Compile and test
./gradlew build
Compile only
./gradlew assemble
Test
./gradlew test
For those who use Windows, you should run gradlew.bat
with the same parameters.
Both IDEA and Eclipse have plugins for Gradle.
Some existing tests need Java 8.
src/main/java
is for word count code.
src/test/java
is for tests. And src/test/resources
is for test data.
In most cases, adding or modifying files in other places is not necessary.
Interface Master
and class WordCount
are already here.
WordCount
should implement Master
and have a constructor taking an integer (number of workers)
and array of strings (file paths) as input. There is documentation for every method of Master
.
You should read them before implementing.
There are two basic tests here.
These tests should be passed before submission (class TestUtil
can be modified
if there is error due to platform-dependent methods).
You may also want to add more tests, like larger files, unicode content, fault tolerance, etc.
You shouldn't use Process.isAlive
to detect whether a worker is dead.
#Project Structure:
The project has the following structure:
project-2-group-2 |__finalout - This is where the final, consolidated file created by the master is stored (if file writing is enabled) | |__out - This is where intermediate files created by workers are stored | |__src |__main |__java | |_WordCount.java - This is the file that contains the code executed by the master node | |_Worker.java - This is the file that contains the worker code | |_Utilities.java - This class contains extra helper functions that are utilized in the master and workers. | |__test
Description of classes (Master):- wordCount - This class contains the main thread that starts the program. It is responsible for compiling and creating each worker, and assigning it the correct input file path from the pending files queue. It is also responsible for periodically checking the list of active processes in order to determine which workers are alive and which are not, and depending on the number of files remaining to be processed, spin new workers as required. It also handles the merging of worker output files to create the final consolidated word count.
MasterIO - This class is responsible for handling the master end of the I/O communication with a particular worker. This thread defines the socket connections and monitors the status of the worker's progress, and sends new files to it when required, and collects acknowledgement of completion when the job is finished. It also handles updation of the pending queue, processing map and active workers map as and when required.
Master Heartbeat - This thread is responsible for handling the master end of the heartbeat communication with a particular worker. This thread defines the socket connections and monitors whether a worker is alive or dead by listening for signals from the worker periodically. It is also resposnsible for updating the active workers map if worker failure is detected so that the main thread can apprpriately spin a new worker and kill existing worker process.
Description of classes (Worker):- worker - This is the main thread within the worker process. It is responsible for handling the I/O and wordcount implementation as well as communication with the masterIO thread. It defines the socket connections, and receives the input and output file paths from the master. It performs the local word count for the assigned file and writes the output to file and places it in the appropriate directory.

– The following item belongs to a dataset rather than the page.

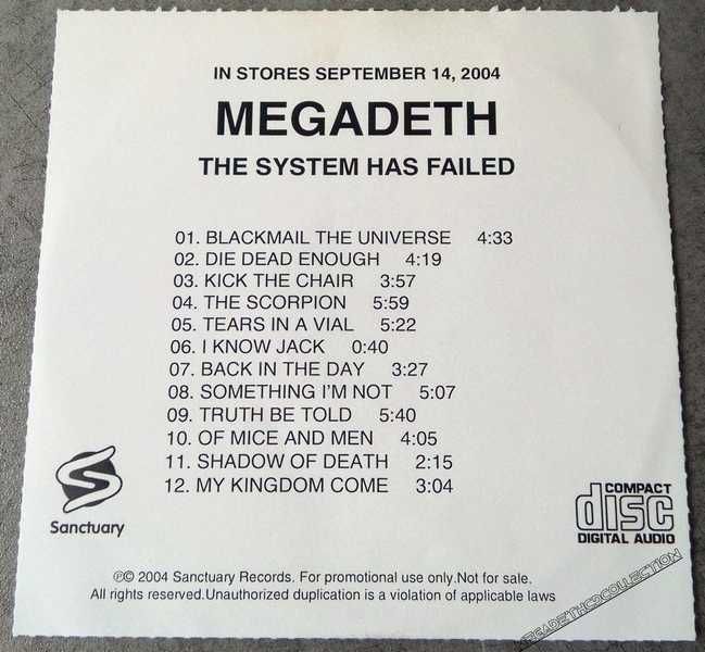 Sanctuary Records – SANPR297- Card Board Sleeve-12 Tracks 2004 Promo Europe

It continues to write files until there are no files remaining to be written. It is also responsible for creating the heartbeat thread for the worker process.
Worker Heartbeat - This thread is responsible for handling the worker end of the heartbeat communication with the master's corresponding heartbeat thread for that particular worker. This thread defines and establishes the socket connections with the master heartbeat thread, and periodically informs the master that it is alive.
Description of classes (Utilities):- Check port availability - This class allows us to find the first available port in order to allocate it to a new worker that may be created due to worker failure. It checks if the port is currently in use, and returns the corresponding boolean value
Custom Comparator - This class allows us to sort the priority queue in descending order based on the frequency of the word appearing in the hashmap.
In addition to these classes, we have also defined Singletons :- activeWorkers, inactiveWorkers, Pending and processing activeWorkers - A map that keeps track of active worker processes and the corresponding process object inactiveWorkers - A set of workerIDs that have been identified to be inactive pending - A queue that holds all the filepaths that have not yet been processed by any worker processing - A map that keeps track of all the files currently being processed and the corresponding workerID processing it
In order to run the project natively, please create a txt file named "fileNames.txt", that contains absolute paths for all input files, and place it at the highest directory level within the project folder. Specify the number of workers on line 177 of WordCount.java and run the program. Intermediate files created by workers are stored in the "out" folder, and final consolidated output generated by the master is stored in the "finalout" folder (if file write is enabled)
Workflow of the project :-
Initially when the WordCount class is run, the following steps are exectuted:
- The master builds an array of filepaths by reading the fileNames.txt, and sets a number of global variables including this array
- The run method compiles the Worker and assigns it a unique workerID before creating the worker process
- While creating the worker process, the master finds the first free port and assigns the socket to it. It then builds the worker process, and the corresponding heartbeat and IO threads to handle communications with that particular worker and starts the worker process.
- Once the worker has been created and started, it creates its own heartbeat thread with the appropriate sockets, and begins communicating with the master heartbeat end point. Simultanelously, it receives the file path from the Master IO thread and begins the local word count. Once the word count is completed, the worker sends acknowledgement for process completeion to its MasterIO handler, at which point, if there are any pending files, the process repeats. If there are no pending files, then the masterIO sends a signal to the worker at which point the worker terminates.
- If a Master heartbeat thread detects that a worker has died, it adds the corresponding worker Id to the list of inactive processes, and shifts the corresponding file back into the pending queue, which is then allocated to a new worker down the line.
- The main master thread periodically checks for inactive processes, and spins new workers if there are files remaining to be processed.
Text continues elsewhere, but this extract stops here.